İslam’da namaz gibi bedeni ibadetlerin yanında bir de zekât gibi mali bir ibadet vardır. İslam’da zekât, sosyal bir hareket olarak ortaya çıkmıştır. Hakiki anlamını, Medine’de cemaatin teşekkül etmesiyle kazanmıştır. Kur’an’da zekâtın namazla birlikte zikredilmesi, ze-
kâta verilen önemin büyüklüğünü gösterir. Zira zekât, mümin olmanın şartlarından sayılan bir ibadettir. (bkz. Tevbe, 9/11.) Bu açıdan dinimizde zenginlik standardını yakalayan her Müslümanın malının kırkta birini Kur’an’da sarf yerleri belirtilen kimselere vermesi, dinî, içtimai ve vicdani bir sorumluluktur. Bu yüzden zekât, modern anlamda sosyal güvenlik müesseselerinden daha etkilidir, sınıfsal çatışmaların önüne geçer. Zenginlerin kayıtsızlığını ve yoksulların sefaletini ortadan kaldırır. Kasalarla birlikte gönüllerin de açılmasını beraberinde getirir. Bu sebeple toplumsal düzen açısından sosyal bir güvence olan zekât gibi dinamik bir kurum asla ihmal edilmemeli, olabildiğince işlerlik kazandırılmalıdır.
Bedenle yapılan ibadetlerden birisi de ramazan ayında tutulan oruçtur. (bkz.
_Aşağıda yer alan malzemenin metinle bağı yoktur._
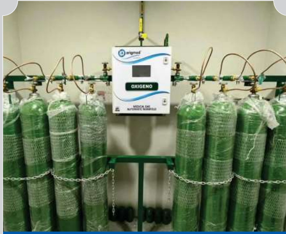
INSTALACIÓN DE SISTEMA CENTRALIZADO GASEOSO

Bakara, 2/183-184.) Kur’an’ın kendisinde inmeye başladığı ramazan ayı, sosyal boyutu olan bir aydır. İslam dininde ramazan ayı, toplu ibadet ayı olarak kılınmıştır. Bütün Müslümanlar aynı şekilde belirlenmiş zaman diliminde oruçlarını tutarlar ve namaz için camide toplanırlar. Böylece ibadetin içtimai boyutta tezahür eden coşkusunu hep birlikte yaşarlar. Ferdi olarak yapılan oruç ibadeti, içtimai bir ibadet hâlini alır. Bir kimse tek başına oruç tutarsa, ahlaki ve ruhi faydalar elde eder ama toplu olarak tutulan oruçta bu faydalar daha çok elde edilmiş olur. Ayrıca, ramazan ayının manevi havası, bütün toplum kesimlerinde iyilikleri öne çıkarma, kötülüklerden sakınma ve takva ruhu ile donanma gibi ahlaki alışkanlıklar kazanmamıza hizmet eder. Müslüman muhayyilesinde oruç, birliğin göstergesidir. Mazeretsiz ve aleni olarak ihlal edilen oruç ibadeti Müslüman vicdanında hoş karşılanmadığı gibi toplumun iç dayanak ve diriltici dinamiklerinin zedelenmesi olarak algılanır. Kaldı ki İslam’da oruç tutmak sadece dinî, şahsi bir mesele olmayıp, sosyal bir mükellefiyettir. Oruca, kral sarayında olduğu gibi, bir köy kulübesinde, bir filozofun evinde ve bir işçinin meskeninde de rastlanır. Bu yönüyle oruç, İslam toplumlarında sosyal vahdetin en önemli manevi dayanağıdır.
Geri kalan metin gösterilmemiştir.